Como será? Inicialmente, o governo cogitou bloquear diretamente o uso dos recursos sociais e dos cartões dos programas em sites de apostas. Contudo, diante da complexidade operacional, a nova proposta pretende identificar o CPF do titular nessas casas, independentemente da origem dos recursos usados nas transações.

Ordem do STF

A principal base para a iniciativa é a decisão do Supremo Tribunal Federal que obriga o Executivo a adotar medidas que evitem o uso de recursos de programas sociais em jogos de azar. Especialistas da área jurídica destacam que a medida pode enfrentar questionamentos sobre constitucionalidade, mas que a determinação do STF oferece respaldo.

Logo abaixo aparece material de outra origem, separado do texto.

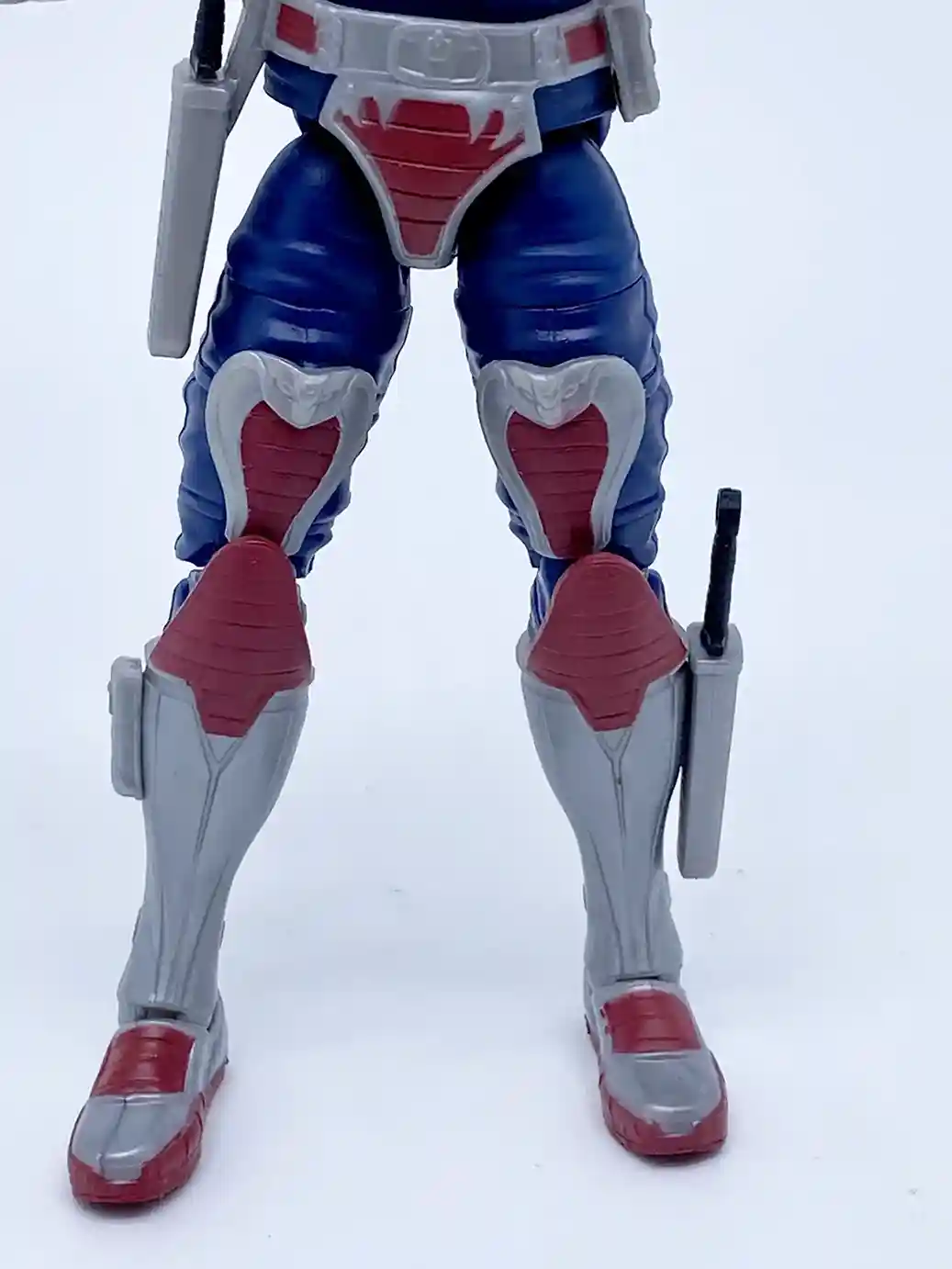 Just like the vintage action figures, both Tomax and Xamot are wearing blue pants and are wearing shin guards. These are the same on both twins, so this is a place Hasbro had it easy to use exactly the same shared parts. They are molded straight from the vintage design to look like silver cobra heads with stripped crimson accents. They come from his knees down to the top of his boots.

"O único desafio jurídico que poderia existir são discussões sobre a constitucionalidade. Mas toda essa discussão fica superada pelo fato de que as medidas que o governo está estudando implementar têm por objetivo cumprir uma ordem do STF", afirmou Fabiano Jantalia, presidente da Comissão de Direito de Jogos e Apostas da OAB/DF.

Porém, há divergências sobre a forma de implementação. Para Filipe Senna, secretário-geral da mesma comissão, o caminho mais seguro seria incluir a proibição em um projeto de lei, ao invés de utilizar uma portaria.

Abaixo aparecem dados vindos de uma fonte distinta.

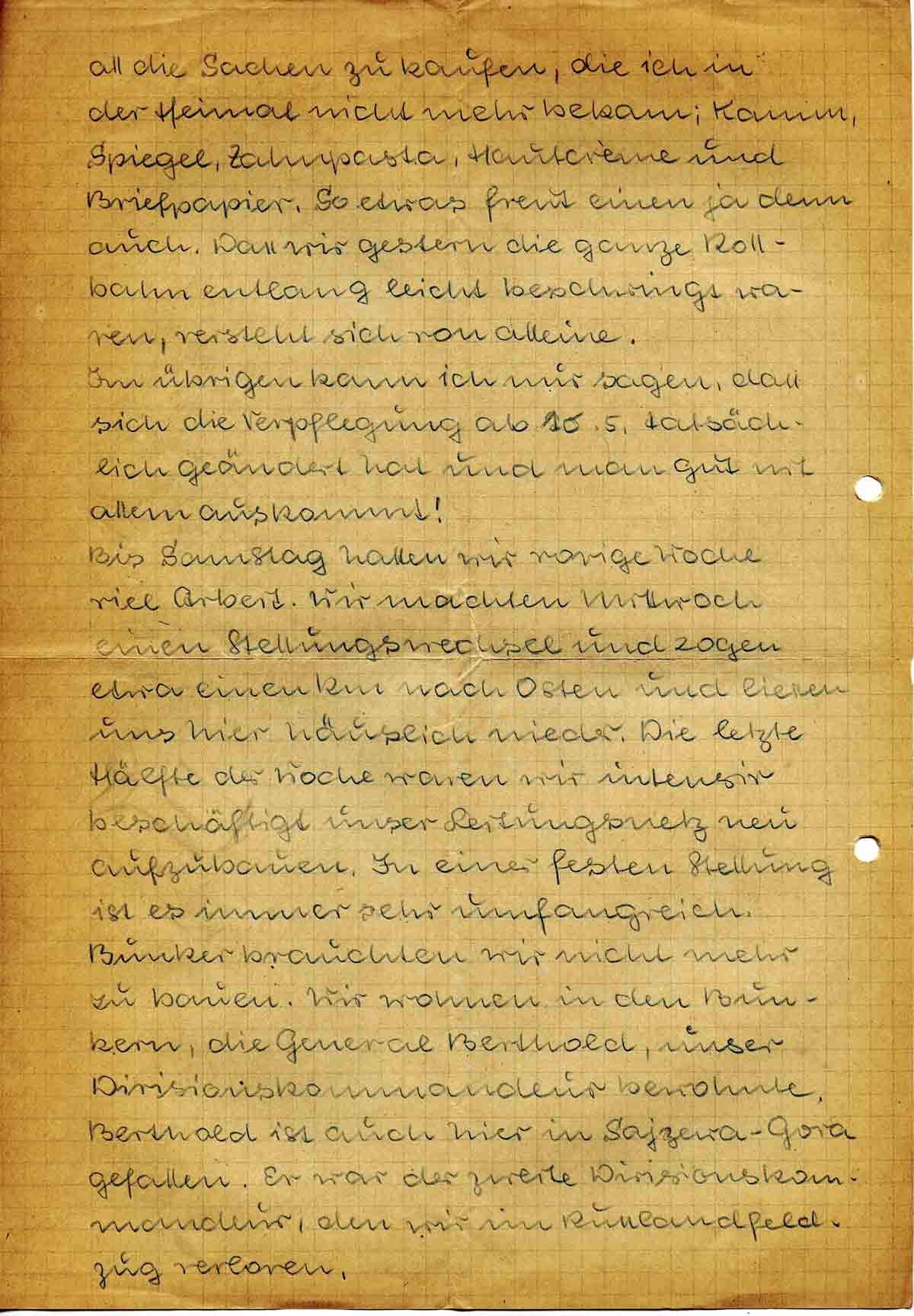 Bis Samstag hatten wir vorige Woche viel Arbeit. Wir machten Mittwoch einen Stellungswechsel und zogen etwa einen km nach Osten und liessen uns hier häuslich nieder. Die letzte Hälfte der Woche waren wir intensiv beschäftigt unser Leitungsnetz neu aufzubauen. In einer festen Stellung ist es immer sehr umfangreich. Bunker brauchten wir nicht mehr zu bauen. Wir wohnen in den Bunkern, die General Berthold, unser Divisionskommandeur bewohnte. Berthold ist auch hier in Sajzewa-Gora gefallen. Er war der zweite Divisionskommandeur, den wir im Russlandfeldzug verloren.

A implementação dessa medida pode gerar inquietações relacionadas à proteção da privacidade dos beneficiários. Para que a restrição seja efetiva, seria imprescindível o repasse de informações pessoais às empresas de apostas, o que levanta questionamentos sobre segurança e uso adequado desses dados. Especialistas destacam a importância de estabelecer salvaguardas legais e mecanismos tecnológicos capazes de assegurar os direitos e a confidencialidade dos usuários.

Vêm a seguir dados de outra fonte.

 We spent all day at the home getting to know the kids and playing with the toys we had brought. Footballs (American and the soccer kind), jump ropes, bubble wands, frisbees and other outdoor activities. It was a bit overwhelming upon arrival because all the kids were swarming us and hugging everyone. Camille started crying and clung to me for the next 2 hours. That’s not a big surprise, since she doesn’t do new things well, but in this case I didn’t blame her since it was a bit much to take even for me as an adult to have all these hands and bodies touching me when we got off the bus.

"O cruzamento de dados deve ser feito com critérios objetivos e garantias institucionais. Na teoria, não deveria haver riscos, mas na prática, eles existem e precisam ser mitigados", destaca Felipe Crisafulli, da OAB/SP.

E os beneficiários?

Além das questões legais e operacionais, a medida provoca debates éticos e sociais. Há dúvidas sobre a eficácia da restrição no combate ao vício em jogos e sobre eventuais punições aos beneficiários que desrespeitarem a regra.

"Você estaria punindo justamente a pessoa que a medida quer proteger. Isso pode gerar distorções e afetar a liberdade individual", comenta Jantalia.

Especialistas também alertam que a proibição pode incentivar o uso de sites de apostas ilegais, dificultando ainda mais o controle e a fiscalização.

Apesar disso, há quem veja a proposta como uma forma legítima de proteção social. "O jogo responsável serve de fundamento ético para esse tipo de limitação. Pessoas em situação de vulnerabilidade precisam ser protegidas de riscos como o endividamento por jogos de azar", argumenta Crisafulli.

A medida ainda será formalizada e deve passar por novas análises técnicas e jurídicas. Até lá, o governo busca um caminho viável para equilibrar proteção social, respeito à privacidade e segurança jurídica.